1. Procedural Unconscionability

"The procedural element of the unconscionability analysis concerns the manner in which the contract was negotiated and the circumstances of the parties at that time." Gatton v. T-Mobile USA, Inc., 152 Cal. App. 4th 571, 581 (2007) (citing Kinney v. United HealthCare Servs., Inc., 70 Cal. App. 4th 1322, 1329 (1999)). "The element focuses on oppression or surprise." Id. (citing Armendariz, 24 Cal. 4th at 114). "Oppression arises from an inequality of bargaining power that results in no real negotiation and an absence of meaningful choice." Id. (citing Flores v. Transam. HomeFirst, Inc., 93 Cal. App. 4th 846, 853 (2001)). "Surprise is defined as 'the extent to which the supposedly agreed-upon terms of the bargain are hidden in the prolix printed form drafted by the party seeking to enforce the disputed terms.'" Id. (quoting Stirlen v. Supercuts, Inc., 51 Cal. App. 4th 1519, 1532 (1997)). "The procedural element of an unconscionable contract generally takes the form of a contract of adhesion, which, imposed and drafted by the party of superior bargaining strength, relegates to the subscribing party only the opportunity to adhere to the contract or reject it." Little v. Auto Stiegler, Inc., 29 Cal. 4th 1064, 1071 (2003) (citation omitted).

(a) Contract of adhesion

A procedural unconscionability analysis "begins with an inquiry into whether the contract is one of adhesion." Armendariz, 24 Cal. 4th at 113. Plaintiff states that the JAMS Agreement is a contract of adhesion because Plaintiff's acceptance of the agreement was a condition of his employment and he was not provided an opportunity to negotiate or reject its terms. (Sonico Decl. ¶¶ 5-7.)

"It is well settled that adhesion contracts in the employment context, that is, those contracts offered to employees on a take-it-or-leave-it basis, typically contain some aspects of procedural unconscionability." Serpa v. Cal. Surety Investigations, Inc., 215 Cal. App. 4th 695, 704 (2013); see also OTO, L.L.C. v. Kho, 8 Cal. 5th 111, 126 (2019) ("Arbitration contracts imposed as a condition of employment are typically adhesive.").

The Court finds that the JAMS Agreement is no exception. As a TWC candidate for employment, Plaintiff was required to complete web-based onboarding before he could become employed. (See Cassidy Decl. ¶ 8.) The onboarding process in turn required that the candidate accept a number of "Required Acknowledgements," including the JAMS Agreement. (See Onboarding Status Details (listing "Arbitration Agreement" as a "Required Acknowledgment").) Most importantly, the JAMS Agreement itself states that "[b]y accepting employment with [TWC]," Plaintiff was agreeing to arbitrate employment-related claims. (JAMS Agreement at 1.) Because it was a condition of employment and Plaintiff had no opportunity to negotiate its terms, the JAMS Agreement constitutes a contract of adhesion. Armendariz, 24 Cal. 4th at 115. Therefore, it is somewhat procedurally unconscionable. Baltazar v. Forever 21, Inc., 62 Cal. 4th 1237, 1244 (2016) ("Ordinary contracts of adhesion . . . contain a degree of procedural unconscionability even without any notable surprises, and bear within them the clear danger of oppression and overreaching.") (quotations and citations omitted).

An "ordinary contract of adhesion" such as this one, however, requires "closer scrutiny of its overall fairness" only where there is some "greater degree of procedural unconscionability" in the form of oppression or surprise. See id. at 1246; OTO, 8 Cal. 5th at 126. The Court therefore turns to Plaintiff's other claims of procedural unconscionability.

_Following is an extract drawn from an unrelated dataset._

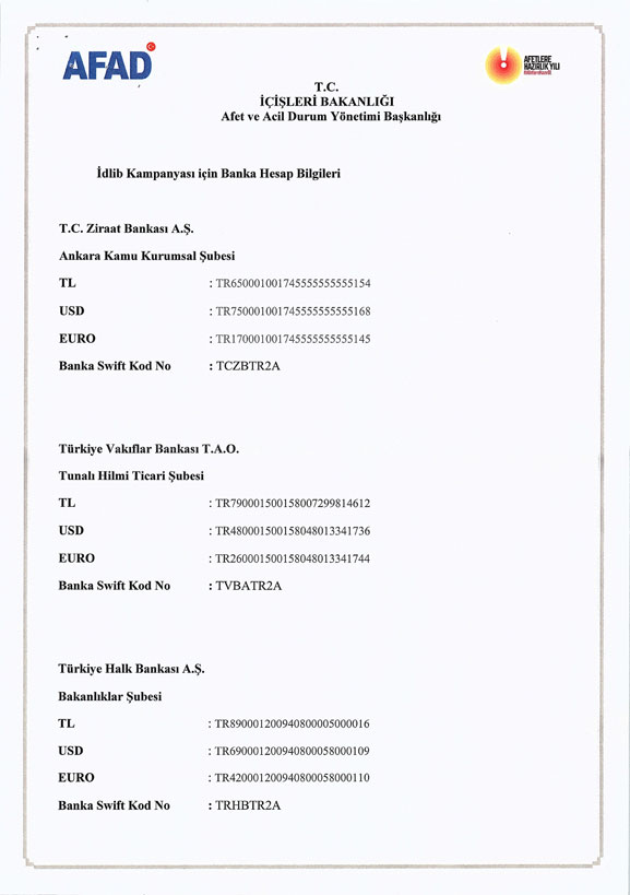 İçişleri Bakanlığı tarafından başlatılan “Bir Aradayız, İdlib’in Yanındayız” insani yardım kampanyası hesap bilgileri aşağıdadır.
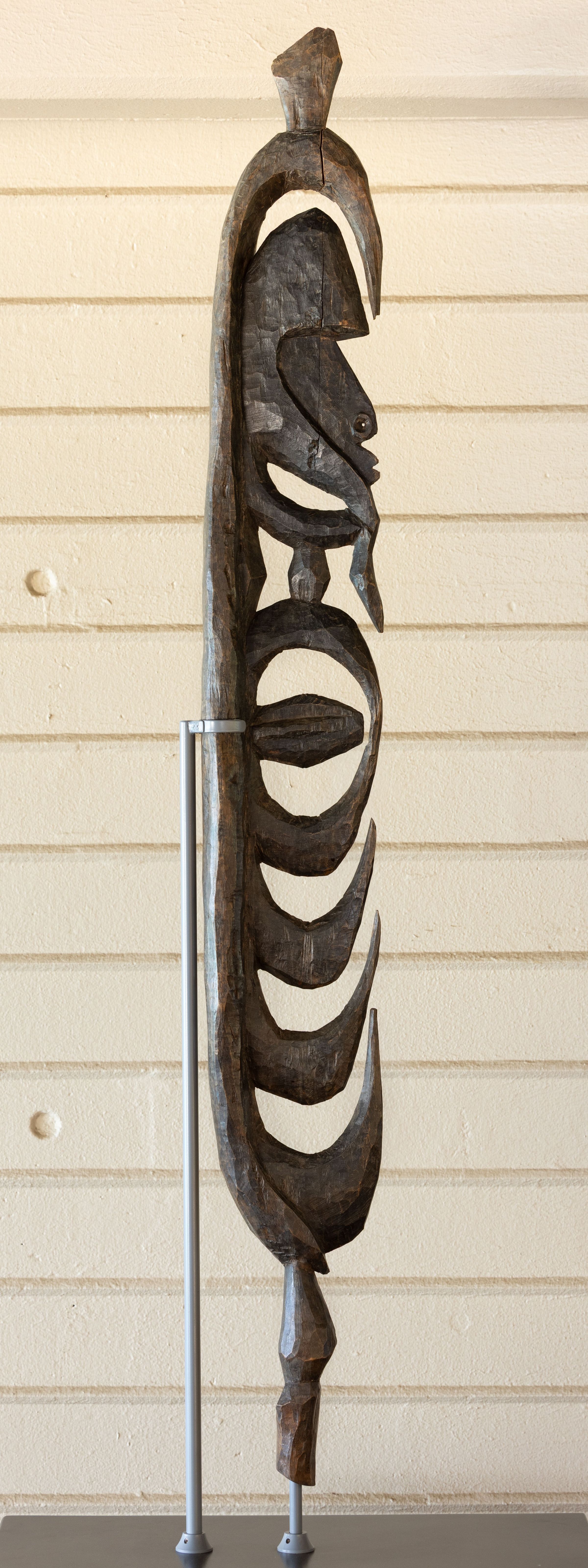 This particular Yipwon, one of three on display at the Mauna Kea, reflects the artistic finesse of the opposed-hooks style, boasting a human head in profile accompanied by a mesmerizing series of pierced curvilinear forms below.

Plaintiff does not raise any arguments concerning surprise. In any event, the Court notes that the JAMS Agreement is a two-page contract that states in straightforward terms its purpose and conditions. This is not a prolix form hidden within a myriad of onboarding documents; in fact, given that TWC's onboarding process took place online, the JAMS Agreement was delineated by a separate link and therefore easy to discern from other required acknowledgments. (See OBS Details.) Cf. Dougherty v. Roseville Heritage Partners, 47 Cal. App. 5th 93, 104 (2020) (finding procedural unconscionability where an arbitration agreement was "buried" in the middle of a 70-page packet of hospital admission documents).

(b) Oppression

Plaintiff alleges that the JAMS Agreement is procedurally unconscionable because he was not provided an explanation of the terms, including his waiver of his constitutional rights, or an opportunity to review the terms of the contract or consult with an attorney. Defendants argue that consultations with an attorney or in-person explanations of the terms of the contract are of no import. (Reply at 7.)

Defendants are only partly correct. While Plaintiff has failed to show that the circumstances surrounding his acceptance of the JAMS Agreement warranted any explanation from defendants, whether Plaintiff had sufficient time to review the JAMS Agreement and was aided by an attorney are both relevant to determining whether the agreement is oppressive. See OTO, 8 Cal. 5th at 127.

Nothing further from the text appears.